* [Task brief]
The listing below is to be copied exactly, with pictures excluded.

* [Record excerpts]
--------

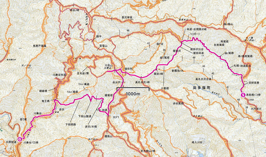 大丹波・雁掛林道から雁掛ノ峰・真名井沢ノ峰を経て川苔山肩―鋸尾根の大ダワからウスバ林道・尾根南面の下段経路を綴り川乗林道へ
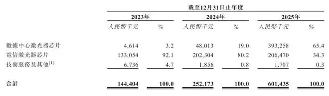 收入构成清晰指明了增长驱动力。2025年,源自数据中心应用的激光器芯片销售收入为3.93亿元,占总营收65.4%;电信领域激光器芯片收入为2.06亿元,占比34.3%。这一结构直接映射了全球AI算力基建与5G网络部署的双重需求拉动。
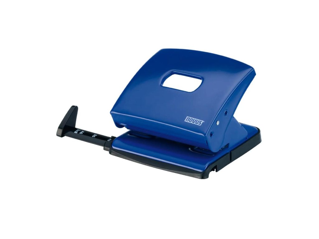 Celokovová kancelárska dierovačka s posuvným pravítkom a plastovým poťahom v dizajne zošívačky Novus C2 a C-STABIL. Rozpätie dier 8 cm. Hmotnosť 350 g. Záruka 10 rokov.Farba: modrá
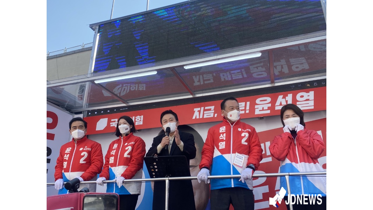 3일 오후 1시경 시작된 국민의 힘 유세현장은 윤 후보를 지지하는 시민들로 인산인해를 이루기도 했다.
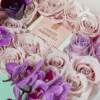 This deluxe gift box includes delicious pecan caramel popcorn, bubbly champagne gummy bears, and four delicious macaroons in a 14"x14" box nestled among flowers. Blooms include blush roses, fuchsia mini orchids, dark purple anemones, and lavender roses.

--------

* [The answer]
 大丹波・雁掛林道から雁掛ノ峰・真名井沢ノ峰を経て川苔山肩―鋸尾根の大ダワからウスバ林道・尾根南面の下段経路を綴り川乗林道へ
 收入构成清晰指明了增长驱动力。2025年,源自数据中心应用的激光器芯片销售收入为3.93亿元,占总营收65.4%;电信领域激光器芯片收入为2.06亿元,占比34.3%。这一结构直接映射了全球AI算力基建与5G网络部署的双重需求拉动。
 Celokovová kancelárska dierovačka s posuvným pravítkom a plastovým poťahom v dizajne zošívačky Novus C2 a C-STABIL. Rozpätie dier 8 cm. Hmotnosť 350 g. Záruka 10 rokov.Farba: modrá
 3일 오후 1시경 시작된 국민의 힘 유세현장은 윤 후보를 지지하는 시민들로 인산인해를 이루기도 했다.
 This deluxe gift box includes delicious pecan caramel popcorn, bubbly champagne gummy bears, and four delicious macaroons in a 14"x14" box nestled among flowers. Blooms include blush roses, fuchsia mini orchids, dark purple anemones, and lavender roses.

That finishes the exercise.